Frequently Asked Questions
A medium rare steak will have an internal temperature of 130-135 degrees. You will want to remove your steak from the grill about 5-7 degrees before this as carryover temp will continue to increase as the steak rests.
Cointreau is the best substitute for Grand Marnier. Equal parts of cognac and triple sec also work well as a substitute.
Thank you for taking the time to visit our blog. If you tried and enjoyed our recipe, please share with others and please leave us a comment and review. We also love to see your pics so don’t forget to tag us @Carne_Diem_Culinary or #CarneDiemBlog. To be notified of future recipes please follow us on Facebook, Instagram, or Pinterest, or sign up for our e-mail notifications.
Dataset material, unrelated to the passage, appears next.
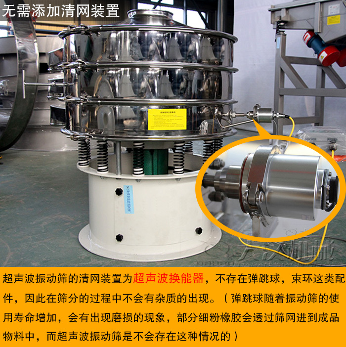 超聲波振動(dòng)篩的清網(wǎng)裝置為超聲波換能器,不存在彈跳球,束環(huán)這類(lèi)配件,因此在篩分的過(guò)程中不會(huì)有雜質(zhì)的出現(xiàn)。(彈跳球隨著振動(dòng)篩的使用壽命增加,會(huì)有出現(xiàn)磨損的現(xiàn)象,部分細(xì)粉橡膠會(huì)透過(guò)篩網(wǎng)進(jìn)到成品物料中,而超聲波振動(dòng)篩是不會(huì)存在這種情況的)

Until next time, Carne Diem!
📖 Recipe
Filet Mignon with goat cheese sauce and Grand Marnier sautéed peppers
Equipment
- Grill
- saute pan
Ingredients
- 4 filet mignons
- dusting of favorite steak rub or salt and pepper
- ½ Orange Bell Pepper diced
- 1 Pasilla, Ancho, or ½ a poblano Pepper diced
- 2 Tablespoons Grand Marnier or other orange liquor
Goat Cheese Sauce
- 2 Tablespoons Butter
- 2 teaspoons Flour
- ½ Cup Heavy Cream
- 4 Ounce Garlic and Herb Goat Cheese
Instructions
Sautéed peppers
- Heat 1 tablespoon of oil in a skillet and heat over medium-high heat.
- Add the peppers and cook for 2-3 minutes, until soft.
- Stir in the Grand Marnier and cook until most of the liquid is evaporated, then remove from the heat.
Steak
- Season the steak with your favorite steak rub or just use salt and pepper.
- Heat grill to high heat and set up for direct grilling.
- Cook steak to desired doneness, flipping halfway through, as as needed to achieve desired grill marks.
- Top the steak with the sautéed peppers and serve with the goat cheese sauce.
Goat Cheese Sauce
- Melt the butter in a sauce pan over medium heat, until starting to foam.
- Whisk in the flour, stirring constantly, for about 1 minute, to make a pale roux. Slowly stir in the cream, about a tablespoon at a time, until smooth and well combined.
- Stir in the goat cheese until melted and smooth. Turn heat to very low to keep warm until ready to use. Give it an occasional stir.
Tom
I made this last week. Best steak recipe that I’ve ever tried. I’m just sorry that I didn’t come up with the recipe first. 😂
Carne Diem
Thank you! So glad you enjoyed it!
Becky
Simple to make but don’t let that make you think it skimps on flavor! The goat cheese +Grand Marnier peppers make this a flavorful, decadent addition to filets. We will be making this again!
Carne Diem
So happy you enjoyed it. Thank you so much for leaving a review!
Susan F
Tried this last night. It was freaking awesome. Did use Cointreau because we didnt have Grand Marnier. Will definately make this again.